Setting it up with Bugnet

Bugnet gives you an in-game report button that captures game state automatically, which is exactly what aiming bugs need. When a player hits report after a missed skill shot, you attach the raw look input, the smoothed value, the aim-assist target and adjustment, the final firing orientation, and the hit-test result as custom fields on that report. The player describes the moment in a sentence while Bugnet records the numbers that actually let you replay the shot, so nothing depends on their memory of a frame that lasted sixteen milliseconds.

Because Bugnet folds duplicate reports into one issue with an occurrence count, a hit-detection bug that fires for many players surfaces as a single high-count issue rather than a scattered pile. You can filter by custom fields such as weapon type, latency bucket, or whether aim assist was active to spot patterns, and crashes that happen mid-fire arrive with stack traces and device context. One dashboard holds the input, the trajectory, and the detection result for every shot players flagged.

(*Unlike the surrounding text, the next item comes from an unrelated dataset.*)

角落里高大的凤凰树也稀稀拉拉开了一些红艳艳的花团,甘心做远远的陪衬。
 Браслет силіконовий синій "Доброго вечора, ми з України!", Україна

Building an aiming-aware reporting habit

Make the capture automatic and invisible so players never have to understand trajectories to give you useful data. The reporter should grab the last firing state whenever the button is pressed, and ideally keep a short ring buffer of recent shots so a player can report the one that felt wrong even a second after it happened. The goal is that opening a report after a frustrating miss is enough; the engine supplies the rest.

Treat your aiming pipeline as something that must be observable from input to impact, not a black box you tune by feel. When every miss can be replayed from captured state, balance discussions become evidence-based and genuine bugs stop hiding behind subjective complaints. Ship the capture early, and your next aiming patch will be driven by the exact shots players struggled with rather than your best guess at what went wrong.

Aiming bugs are reproduction-state bugs. Capture the input, the angle, the assist, and the hit result per shot, and every miss becomes a replayable test.